Can tests be harmful?

While it won’t set your dog on fire, a test with negligible or zero value is harmful in the sense that you still pay the maintenance (and initial development) cost associated with that test. Such a test has a net negative value. Net negative tests slow your team down.

Tests that check implementation details are particularly susceptible to this - every time the implementation changes, a corresponding (mirroring!) change must be made to the tests.

A potentially less obvious (but more important consideration): Not only do such tests not assist refactoring, they actually create barriers. A well-intentioned developer might start down the path of some boy-scout refactoring, only to see a hundred false-positives in terms of failing tests - at which point they give up without performing the refactoring. This, is how codebases slowly rot 🤮.

This blog post covers the topic well: Kent C Dodds: Testing implementation details

What do valuable tests exercise?

Use cases of the code in question. What these use-cases look like depends on how the code is consumed and who the “user” is. Sometimes, there will be multiple “users”

  • For bespoke functionality in a SPA, the “user” is literally the human interacting with the web application through the UI. These users don’t directly use your Redux sagas / reducers / selectors. They use the web application
  • For a library/API/reusable component etc, a possible “user” is the developer who is integrating the library/API/component in question

This blog post sums it up really well IMHO: Kent C Dodds: Avoid the test user

What does code-coverage do?

To simplify greatly, code-coverage instruments your production code when your tests run and examines which lines/branches (i.e.
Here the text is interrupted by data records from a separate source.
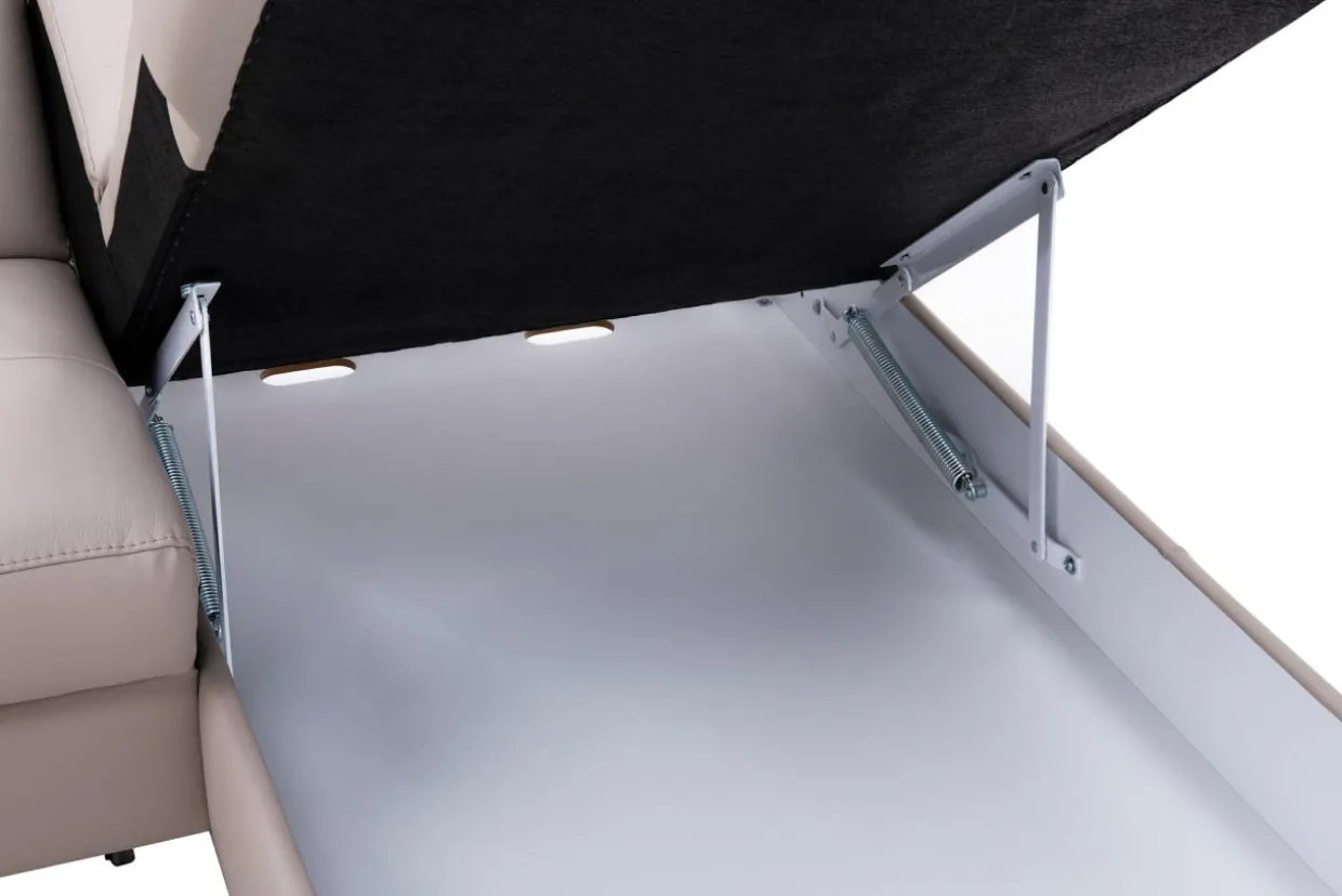 Narożnik posiada wbudowany pojemnik. Możesz wykorzystać go do przechowywania pościeli, koców lub innych tekstyliów. Pojemnik znajduje się w otomanie.
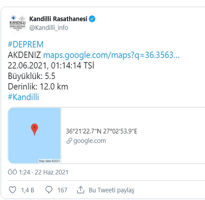 Boğaziçi Üniversitesi Kandilli Rasathanesi sosyal medya hesabı Twitter'dan Datça açıklarında meydana gelen depremin 5.5 büyüklüğünde olduğunu açıkladı.
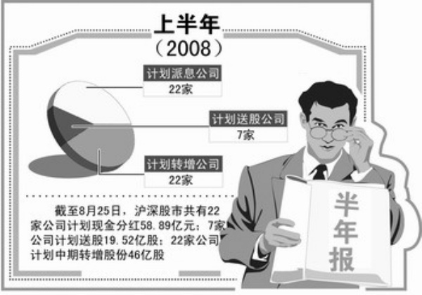 资料显示,截至8月25日,沪深股市共有1169家上市公司披露了半年报,其中37家公司公布了中期分配预案。从分红情况来看,22家公司计划现金分红58.89亿元,7家公司计划送股19.52亿股,因此今年中期上市公司分红总规模约为78.41亿元。市场人士表示,考虑到尚有400余家公司,特别是一批大蓝筹公司尚未披露半年报,因此今年中期分红规模有望超过2007年中期合计分红规模87.82亿元的高峰(16家公司现金分红80.03亿元,8家公司送股7.79亿股)。
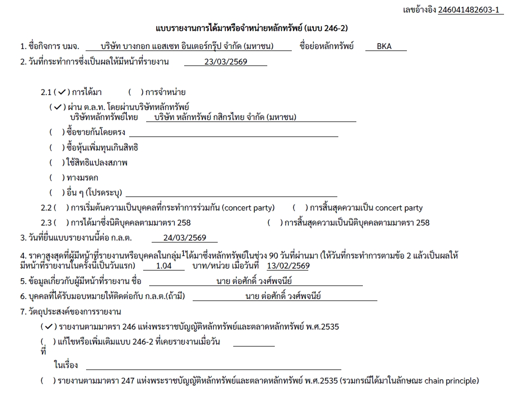 ผู้สื่อข่าวรายงานว่า วันนี้ (24 มีนาคม 2569) สำนักงานคณะกรรมการกำกับหลักทรัพย์และตลาดหลักทรัพย์ (ก.ล.ต.) เปิดเผยข้อมูลผ่านแบบ 246-2 ว่านายต่อศักดิ์ วงศ์พจนีย์ ได้รายงานการได้มาของหุ้น บริษัท บางกอก แอสเซท อินเตอร์กรุ๊ป จำกัด (มหาชน) หรือ BKA เมื่อวันที่ 23 มีนาคม 2569
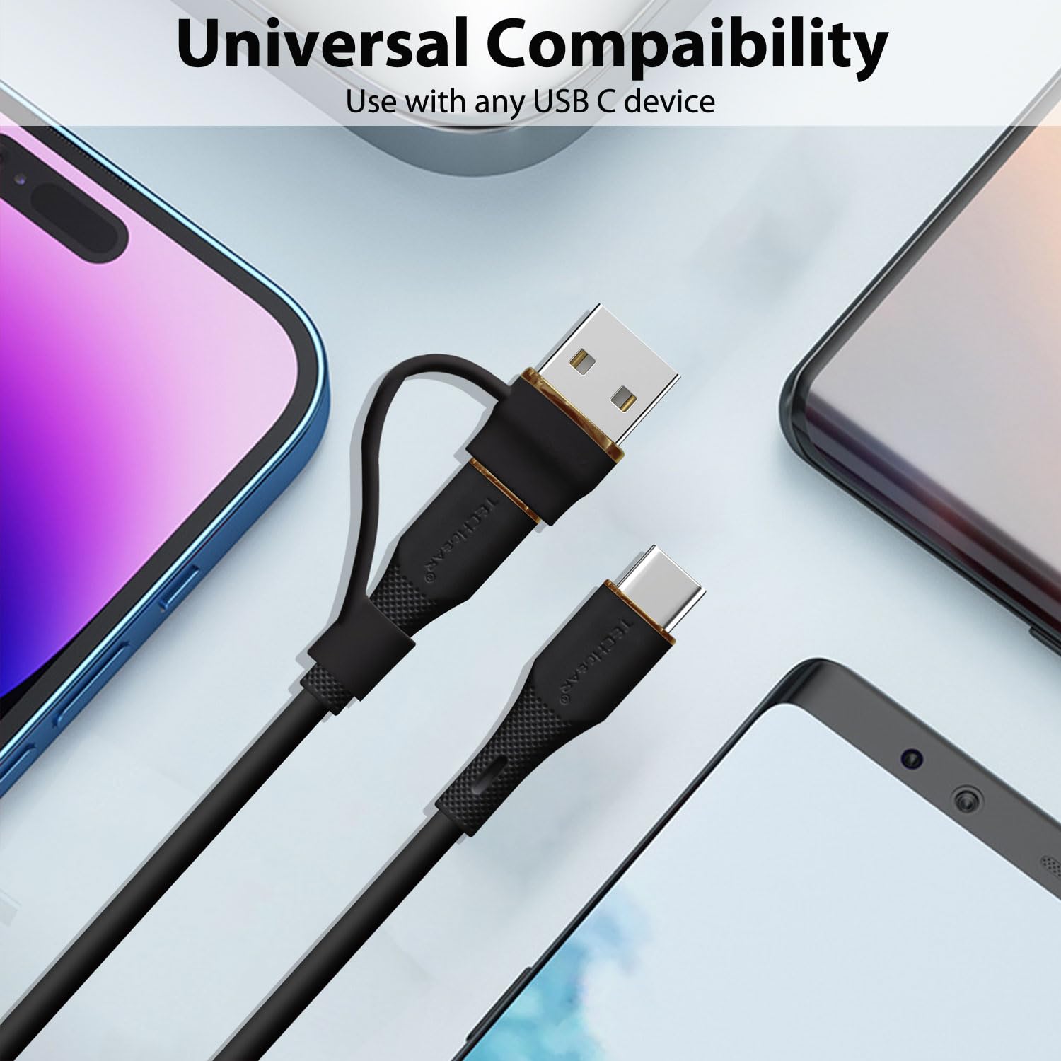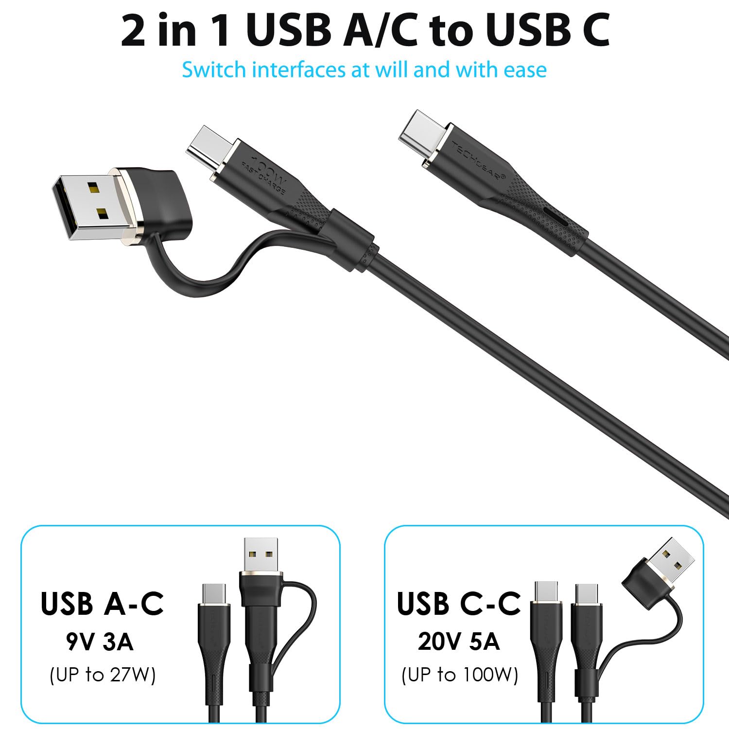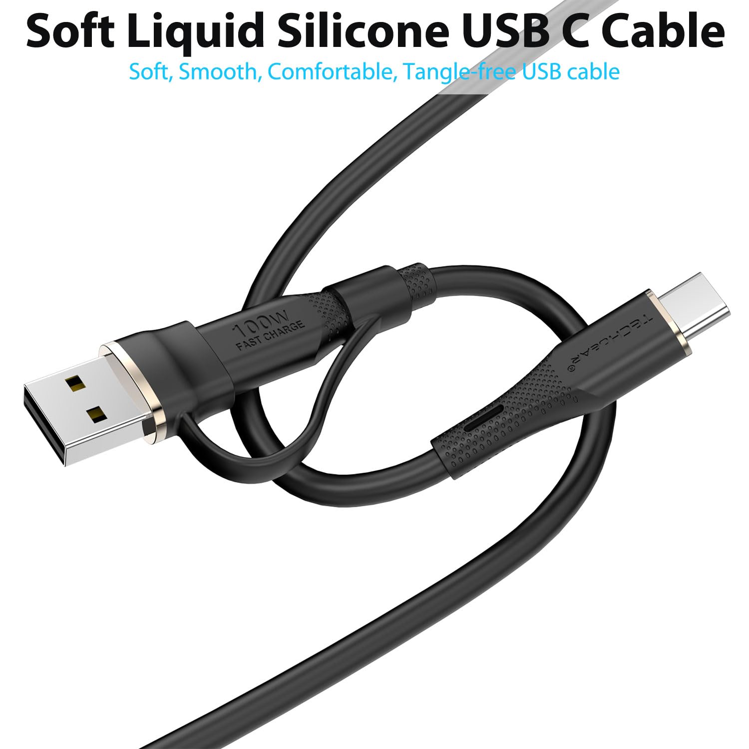TECHGEAR 2in1 100W USB A/C to USB C SOFT SILICONE Charger Cable Fast Charging 5A Tangle Free, Compatible with MacBook Pro/Air, iPad A16 Air/Pro 2024, iPhone 17 16, Galaxy S25 S24, PS5, Switch (3M)

IF/ELSE) are hit by the tests.

However, the fact that an automated test has hit a line/branch does not give any guarantee at all that

  • The logic the line/branch implements is correct
  • The line/branch is necessary

In fact, it doesn’t even ensure the line/branch executed without throwing an exception!

I will concede that (generally speaking) if the important use-cases are tested (see “What do valuable tests exercise”) and the production code does not contain redundant logic, then the line/branch coverage should be fairly high.

Examining the coverage certainly can be a useful tool 🔨 in the belt of the developer: “These lines aren’t being hit at all - Oops!, I’ve forgotten to write tests covering use-case x”

This blog post goes into some more detail: Kent C Dodds: Common testing mistakes: 100% code coverage

There’s no one-size-fits-all solution for a good code coverage number to shoot for. Every application’s needs are different. I concern myself less with the code coverage number and more with how confident I am that the important parts of my application are covered. I use the code coverage report to help me after I’ve already identified which parts of my application code are critical. It helps me to know if I’m missing some edge cases the code is covering but my tests are not.

What are the problems with asking teams to report on code-coverage?

Unjustified technical cost

As mentioned above, code coverage can be a useful tool for a developer to look at when deciding whether they have written the right tests. However, for some teams there could be significant technical challenges in automating the generation of the coverage report.

If the team in question doesn’t care about the coverage number, we’ve effectively foisted a bunch of toil on that team for no gain

A single number is misleading

A single coverage % number doesn’t take into consideration the app in question (which parts are important to cover). If we’re at 50% coverage is that 100% of the important business critical-code and 0% of the boring infrastructure, or the other way around?

False sense of security

Code coverage numbers can easily lull teams into a false sense of security - “We’re at 100% branch coverage, so we’re good”

If your assertions are non-existent or rubbish, you might as well have 0% coverage

Goodhart’s law 🎯

Goodhart’s law says that “When a measure becomes a target, it ceases to be a good measure”.

Simply by asking teams to report on the coverage %, undue focus will be put on increasing the coverage % - to the detriment of other aspects.

Negative value tests

Once you accrue a lot of negative-value tests, teams will start to de-value test failures (this is known as the broken-window syndrome 💔).

It spells bad news - we want to be in a place where a failing test means something has been broken badly and we’ve dodged a bullet 🔫. Don’t let your tests cry wolf!

Encourages testing implementation details

Often, it’s difficult to maintain a high coverage percentage without resorting to testing implementation details (and/or tests that simply don’t reflect real-world usage).

In my opinion this is the most dangerous 💀 (but also invisible) second-order effect from asking teams to report on code coverage. Goodhart’s law tells us that teams will write these negative-value tests (due to the implicit target). As noted elsewhere, these negative-value tests slow teams down and create barriers to refactoring (bad).

Conclusion

Code coverage is a useful tool, but we should take care when mandating reporting around it.

It doesn’t make sense to hire smart people and then tell them what to do; we hire smart people so they can tell us what to do - Steve Jobs

Requiring teams to report on code-coverage might seem like a silver bullet, but hopefully now you can see that it is not.

Unfortunately, I don’t have a panacea to offer 😔, but I’d suggest teams prioritise testing code

  • That changes frequently
  • Where defects have been cropping up frequently
  • With high cyclomatic complexity
  • Where a defect could have dire consequences

And in terms of writing tests, prefer tests that check observable results/outputs as opposed to tests that check state mutations or worse, interaction with private implementation details.

The more your tests resemble the way your software is used, the more confidence they can give you. - Kent C Dodds

Written on December 5, 2022